▽

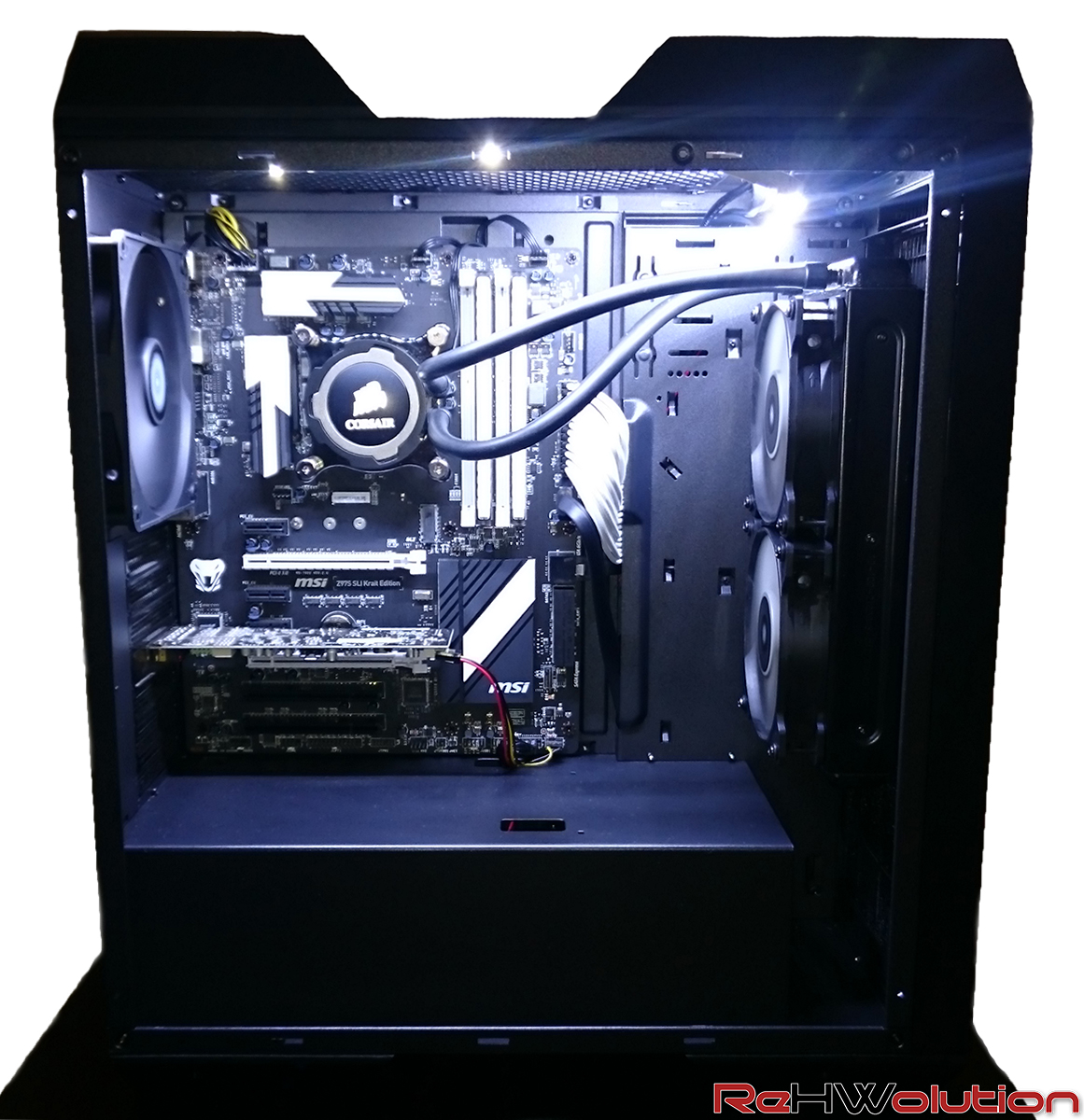 La compatibilità del case si attesta su livelli più che buoni: Mini-ITX, Micro ATX e ATX riguardo al form factory delle motherboard, SSD e HDD oltre a due unità 5.2 e sistema liquid cooling con supporto a radiatori fino a 360mm. In questo caso però bisogna stare attenti: il produttore non indica lo spessore del radiatore, in quanto abbiamo provato un sistema AIO H105 della Corsair con relative ventole e l’installazione si è rilevata poco semplice, causa supporto copri-cavi troppo lungo. Comunque sia, con un po’ di accortezza, è possibile in qualche modo posizionarlo come nel nostro caso, magari adattarlo un po’ più sopra, nei fori guida.
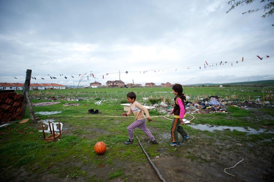 Der achtjährige Mentor lebt mit seiner Familie am Ende der Siedlung, dahinter liegt eine grosse Wiese, ein ehemaliges Tabakfeld, und alle paar Meter: nasse Kartons, zerrissene Säcke, rostende Büchsen. Gleich neben dem Haus befindet sich das Mülldepot K-Ambienti, wo Plastik- und Papierabfälle sortiert, gepresst und gebündelt werden. Die alte, illegale Deponie befindet sich am anderen Ende der Siedlung. Dort hätten die Kinder früher gespielt, sagt Rexhep, Mentors dreissigjähriger Vater. Aber seit einem Jahr besucht Mentor eine öffentliche Schule in Gjakova, keine zwanzig Minuten von der Kolonie entfernt. Zuvor hat er den Kindergarten der Caritas in Ali Ibra besucht.
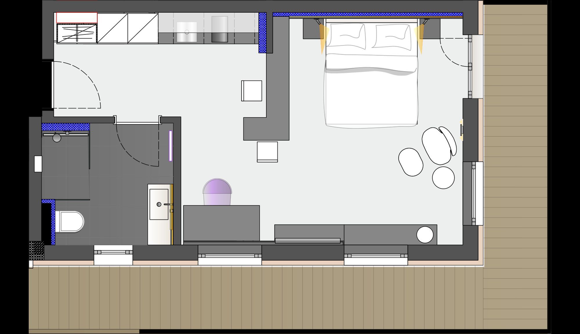 1. Obergeschoss, 1 Wohn-Schlafraum mit Küche, Schreibtisch, Duschbad, Süd- und Ostbalkon,
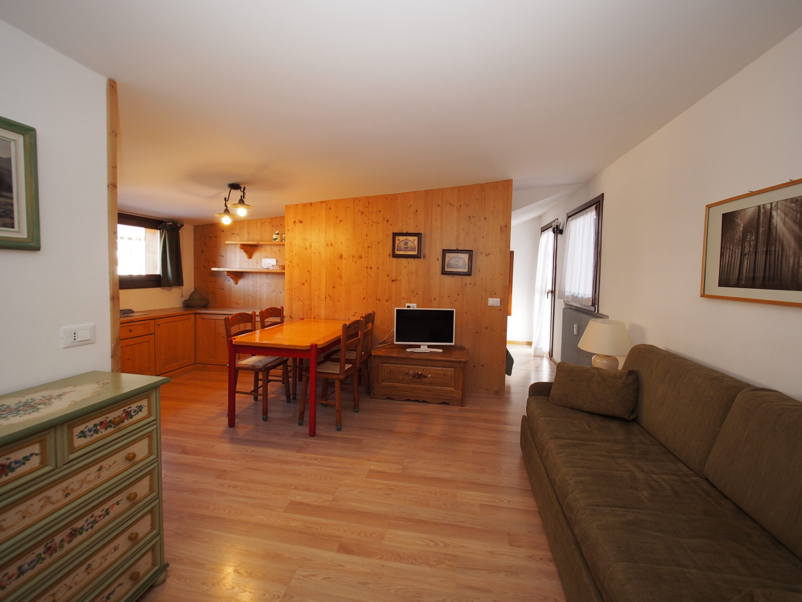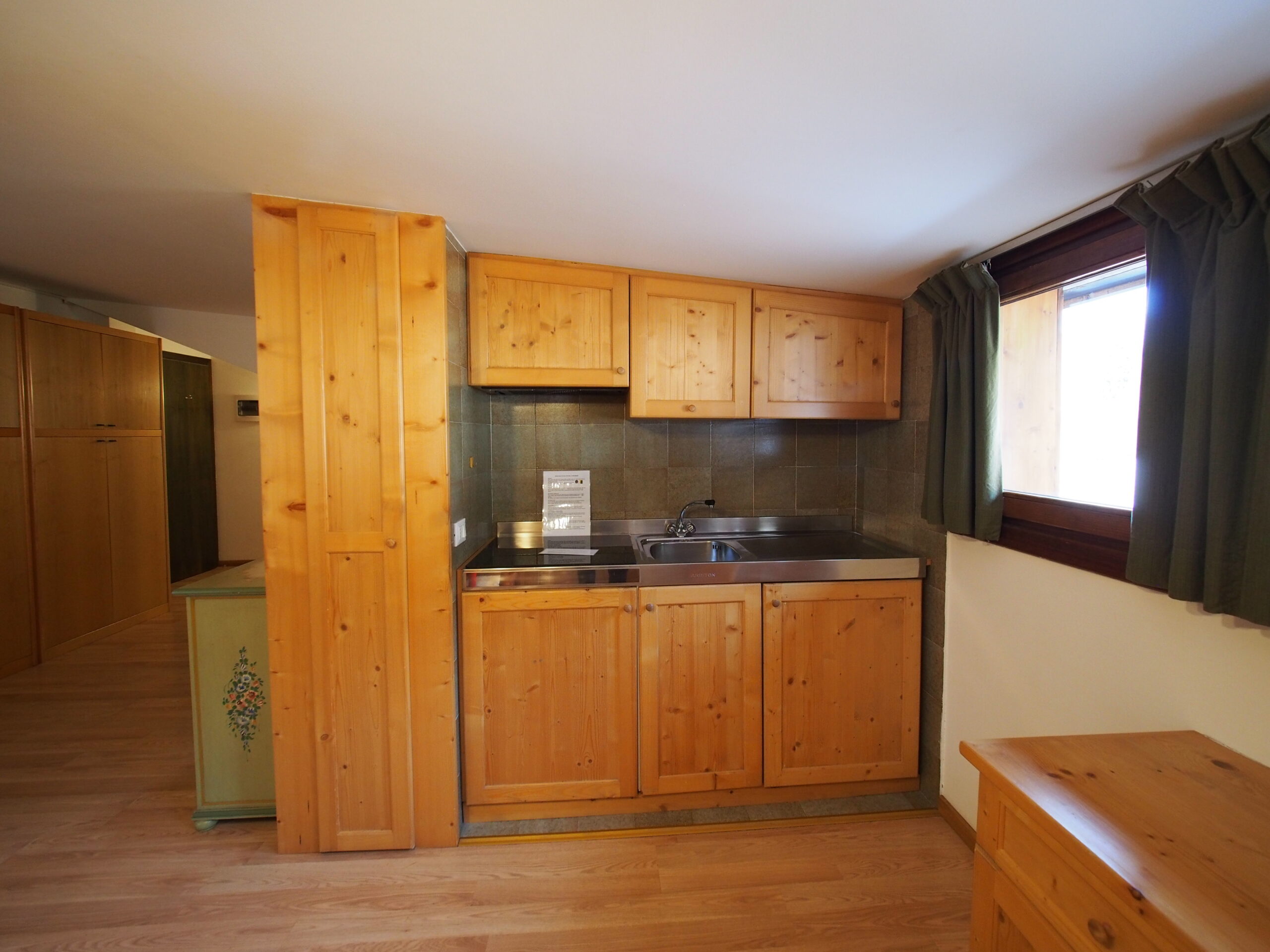 Mansarda al Residence Erica Centro Thule, al quarto piano del fabbricato dotato di ascensore, vendiamo questo piccolo appartamento composto da un soggiorno con angolo cottura e una parete divisoria che nasconde due letti piani, un bagno finestrato, un piccolo ripostiglio ed una cantina al piano interrato, inoltre l’appartamento ha un terrazzo di 8 mq (3×2,70) con vista sul Pelmo.
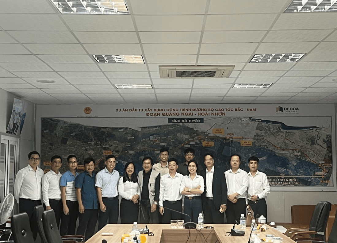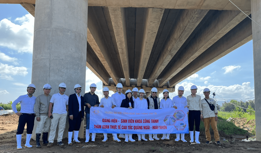 Nhằm tạo điều kiện cho cán bộ giảng viên và sinh viên nâng cao kiến thức thực tế, đồng thời có cơ hội giao lưu gặp gỡ với Tập đoàn Đèo Cả (DEOCA GROUP-DCG)- đơn vị đối tác của Nhà trường, vừa qua tập thể giảng viên và sinh viên Khoa Công trình đã có chuyến tham quan thực tế tại công trình đường bộ cao tốc Bắc – Nam, đoạn Quảng Ngãi – Hoài Nhơn, dài 88Km, bao gồm 6 nút giao liên thông, 78 cây cầu, 83 hầm chui và 3 hầm xuyên núi, với tổng giá trị xây lắp hơn 14.700 tỷ đồng.
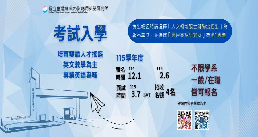 招生系所、考試日期、科目及招生名額請參閱簡章。
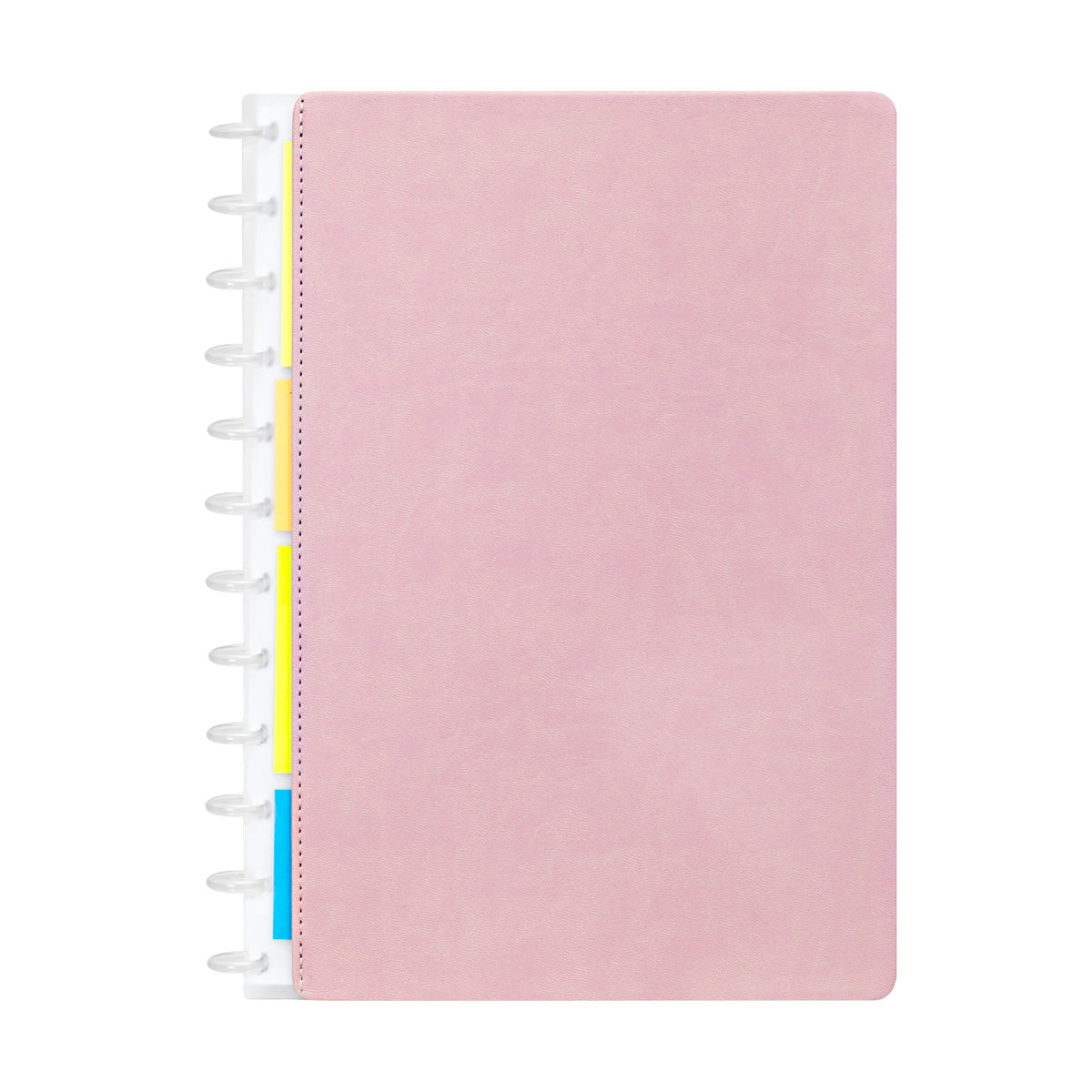 Libreta con 20 hojas a raya, 20 hojas a cuadros y 20 hojas punteadas. Cubierta rigida de curpiel. Incluye 12 aros de plastico, que funcionan como espiral y permiten la incorporacion de hojas removibles, lo que facilita la organizacion de tus apuntes, cuantas veces lo desees. Incluye una regla de PVC con notas adhesivas. Su tamano profesional, la hace ideal para quienes requieren un amplio espacio para escribir, dibujar o planificar.
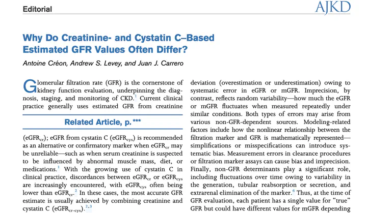 Why Do Creatinine- and Cystatin C-Based Estimated GFR Values Often Differ?Sun June 1, 2025·Antoine Créon,Andrew S. Levey,Juan-Jesus Carrero Cite DOILast updated on Sun June 1, 2025 AuthorsAntoine CréonMD - Nephrologist and PhD Student in Epidemiology and Biostatistics ← Risk-based referral model to nephrologist-specialist care in Stockholm Tue July 1, 2025Metformin in People With Diabetes and Advanced CKD: Should We Dare? Sat February 1, 2025 →
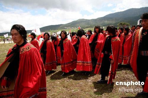 圖:彝族同胞結(jié)隊觀看奧運圣火麗江傳遞
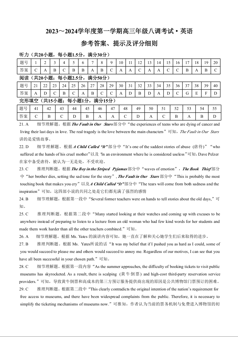 河北省邯郸市磁县第一中学2023-2024学年高三上学期八调考试 英语答案
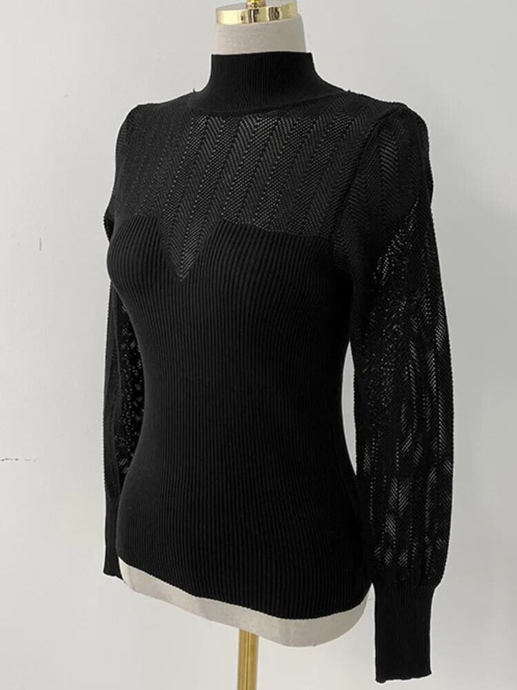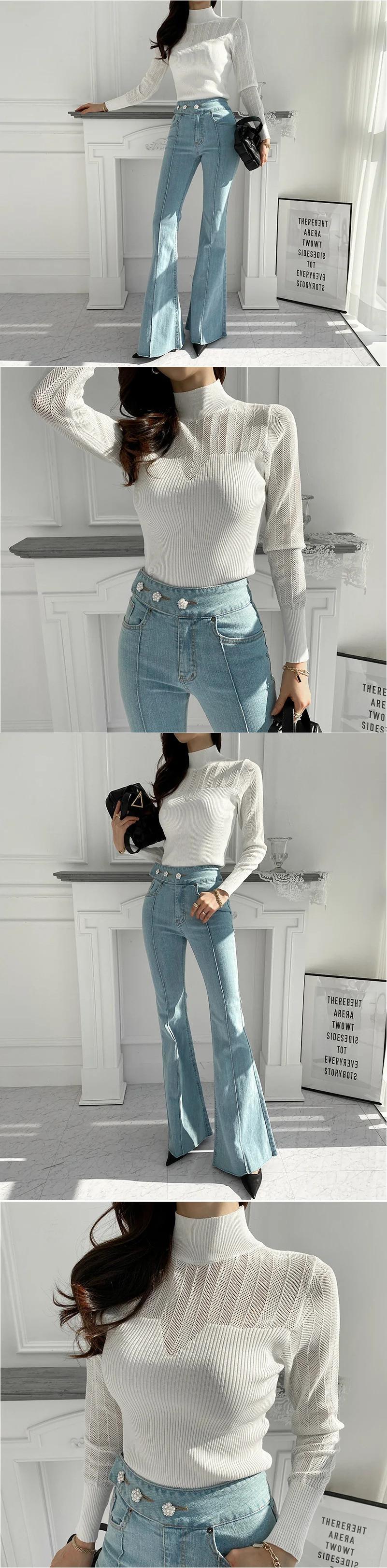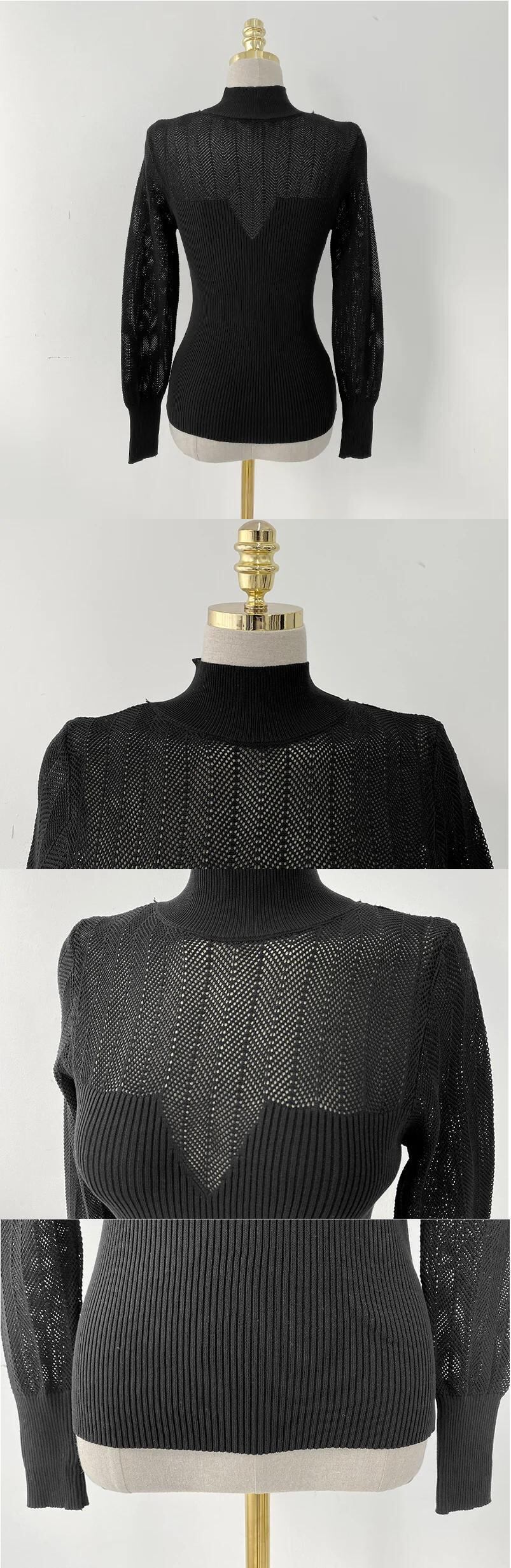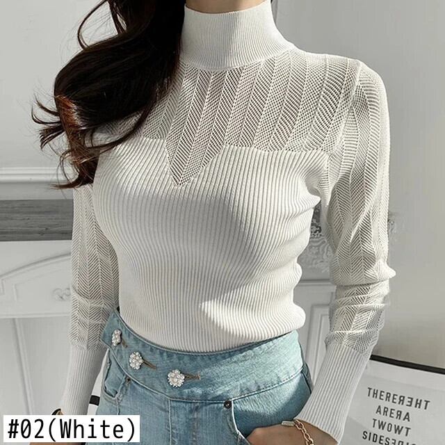 [EWQ] ホワイトセータータートルネックアウト視点弾性プルオーバーニットトップ秋冬 6U5073 エラスティック 伸縮 オータム 秋物 ウィンター 冬物
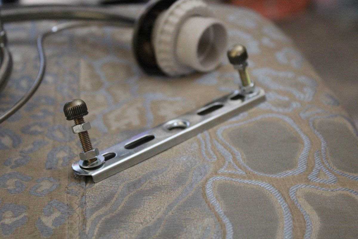 Шаг 5. На монтажной планке устанавливают и протягивают на контргайку монтажные шпильки. Их нужно хорошенько затянуть, иначе потом будет невозможно закрепить светильник. Крепят планку саморезами к платформе.
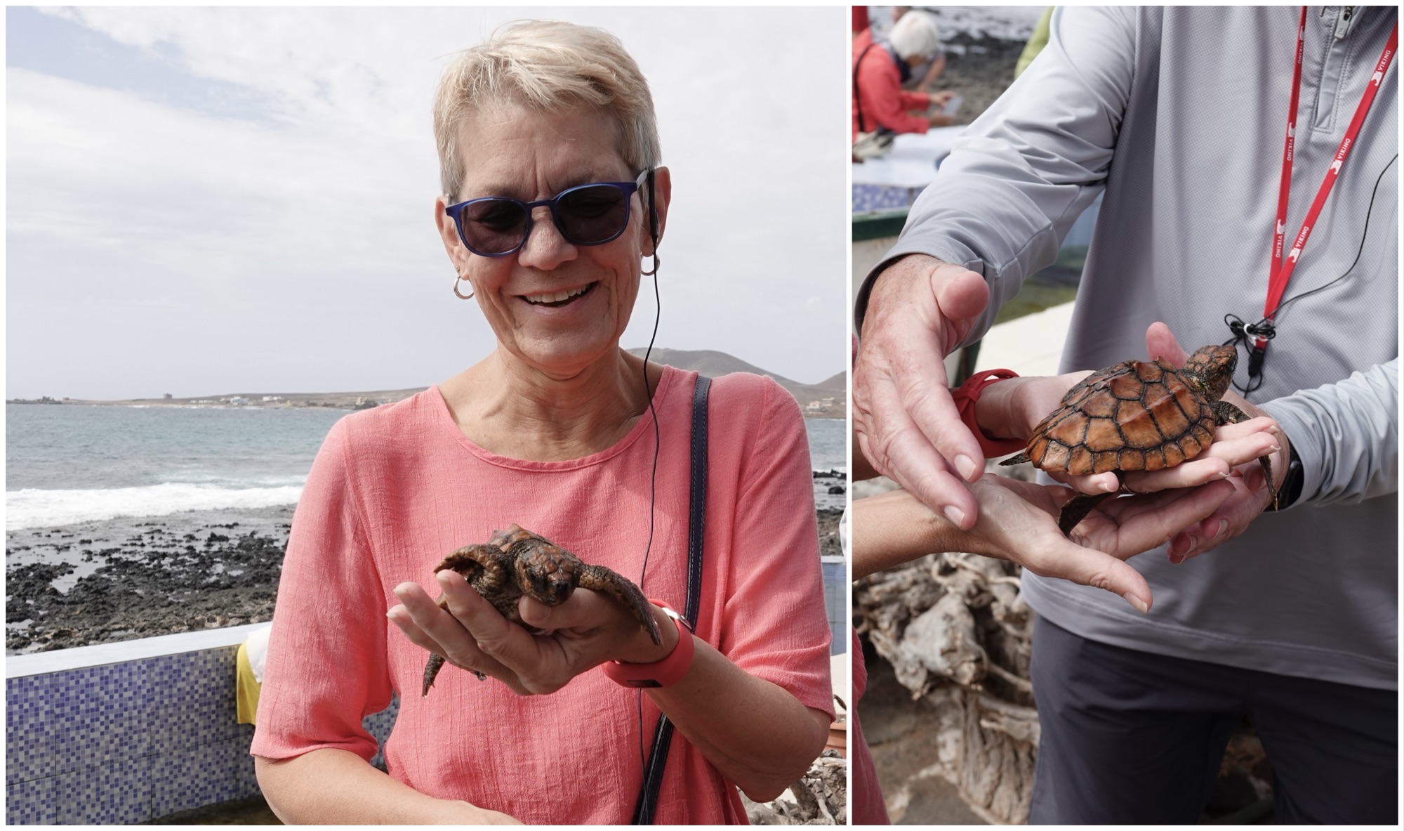 Our first stop outside of the city of Mindelo was at a privately owned turtle rehabilitation centre. The beach here is rocky and wild. When we arrived, the owner was just scrubbing algae from the tiled walls of the larger turtles’ pool.

△

REQUIREMENT: Skip the pictures, please, and transcribe only the lines from the beginning of the material through the one that contains "Mansarda al Residence".

OUTPUT:
 La compatibilità del case si attesta su livelli più che buoni: Mini-ITX, Micro ATX e ATX riguardo al form factory delle motherboard, SSD e HDD oltre a due unità 5.2 e sistema liquid cooling con supporto a radiatori fino a 360mm. In questo caso però bisogna stare attenti: il produttore non indica lo spessore del radiatore, in quanto abbiamo provato un sistema AIO H105 della Corsair con relative ventole e l’installazione si è rilevata poco semplice, causa supporto copri-cavi troppo lungo. Comunque sia, con un po’ di accortezza, è possibile in qualche modo posizionarlo come nel nostro caso, magari adattarlo un po’ più sopra, nei fori guida.
 Der achtjährige Mentor lebt mit seiner Familie am Ende der Siedlung, dahinter liegt eine grosse Wiese, ein ehemaliges Tabakfeld, und alle paar Meter: nasse Kartons, zerrissene Säcke, rostende Büchsen. Gleich neben dem Haus befindet sich das Mülldepot K-Ambienti, wo Plastik- und Papierabfälle sortiert, gepresst und gebündelt werden. Die alte, illegale Deponie befindet sich am anderen Ende der Siedlung. Dort hätten die Kinder früher gespielt, sagt Rexhep, Mentors dreissigjähriger Vater. Aber seit einem Jahr besucht Mentor eine öffentliche Schule in Gjakova, keine zwanzig Minuten von der Kolonie entfernt. Zuvor hat er den Kindergarten der Caritas in Ali Ibra besucht.
 1. Obergeschoss, 1 Wohn-Schlafraum mit Küche, Schreibtisch, Duschbad, Süd- und Ostbalkon,
 Mansarda al Residence Erica Centro Thule, al quarto piano del fabbricato dotato di ascensore, vendiamo questo piccolo appartamento composto da un soggiorno con angolo cottura e una parete divisoria che nasconde due letti piani, un bagno finestrato, un piccolo ripostiglio ed una cantina al piano interrato, inoltre l’appartamento ha un terrazzo di 8 mq (3×2,70) con vista sul Pelmo.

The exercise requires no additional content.